Kantor Wilayah Direktorat Jenderal Imigrasi Jawa Tengah menghadiri kegiatan Sosialisasi Petugas Imigrasi Pembina Desa (PIMPASA) dan Desa Binaan Imigrasi (DBI) yang diselenggarakan oleh Kantor Imigrasi Tegal di Hotel Grand Dian Brebes, Kamis (25/06). Kegiatan ini dilaksanakan sebagai upaya optimalisasi pencegahan Tindak Pidana Perdagangan Orang (TPPO) dan Tindak Pidana Penyelundupan Manusia (TPPM), khususnya dalam melindungi masyarakat yang berpotensi menjadi pekerja migran.
Kegiatan ini dihadiri oleh Kepala Kantor Wilayah Direktorat Jenderal Imigrasi Jawa Tengah Haryono Agus Setiawan, jajaran Kantor Imigrasi Kelas II Non TPI Tegal, para Kepala Desa, Petugas Imigrasi Pembina Desa (PIMPASA), serta perwakilan BP3MI Kabupaten Brebes dan pemangku kepentingan terkait.

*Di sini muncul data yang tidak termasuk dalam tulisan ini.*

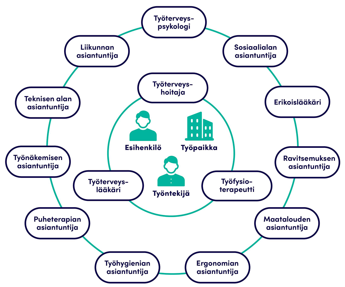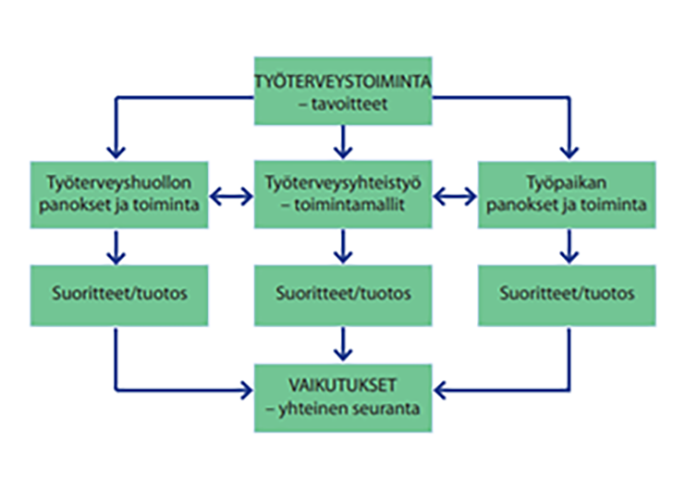 Tavoitteellinen työpaikan ja työterveyshuollon toimijoiden yhteistyö työturvallisuuden, terveyden ja työkyvyn edistämiseen tähtäävänä toimintana luo mahdollisuuden työntekijöiden parempaan terveyteen ja työkykyyn «Viljamaa M, Uitti J, Juvonen-Posti P ym. Työtervey...»7. Useat työterveysongelmat ratkaistaan työpaikan sisäisenä lähiesihenkilö- ja työsuojelutoimintana. Työterveyshuolto toimii asiantuntijana terveydellisen merkityksen arvioinnissa.

Kegiatan secara resmi dibuka oleh Kepala Kantor Wilayah Direktorat Jenderal Imigrasi Jawa Tengah, Haryono Agus Setiawan. Dalam sambutannya, Ia menyampaikan bahwa Program Desa Binaan Imigrasi dan PIMPASA merupakan bentuk nyata kehadiran negara dalam memberikan pelayanan, pembinaan, dan pengawasan keimigrasian hingga ke tingkat desa.
Program tersebut diharapkan mampu meningkatkan pemahaman masyarakat mengenai keimigrasian sekaligus memberikan perlindungan dari berbagai potensi permasalahan yang dapat timbul.
Materi sosialisasi disampaikan oleh Ketua Tim Bidang Intelijen Kanwil Ditjen Imigrasi Jawa Tengah, Alex Yese Pasaribu Habeahan, yang memaparkan dasar hukum, fungsi, manfaat, serta mekanisme pelaksanaan Desa Binaan Imigrasi dan PIMPASA. Selain itu, BP3MI Kabupaten Brebes turut memberikan materi mengenai peluang kerja luar negeri yang aman, bahaya TPPO, modus penipuan perekrutan tenaga kerja ilegal, serta pentingnya menggunakan jalur penempatan resmi bagi pekerja migran Indonesia.
Melalui kegiatan ini, diharapkan Petugas Imigrasi Pembina Desa dapat menjadi perpanjangan tangan Imigrasi dalam memberikan edukasi, membangun kesadaran masyarakat, serta melakukan deteksi dini terhadap potensi permasalahan keimigrasian. Dengan sinergi antara Imigrasi, pemerintah desa, dan masyarakat, upaya pencegahan TPPO dan TPPM dapat berjalan lebih efektif sehingga tercipta migrasi yang aman dan tertib.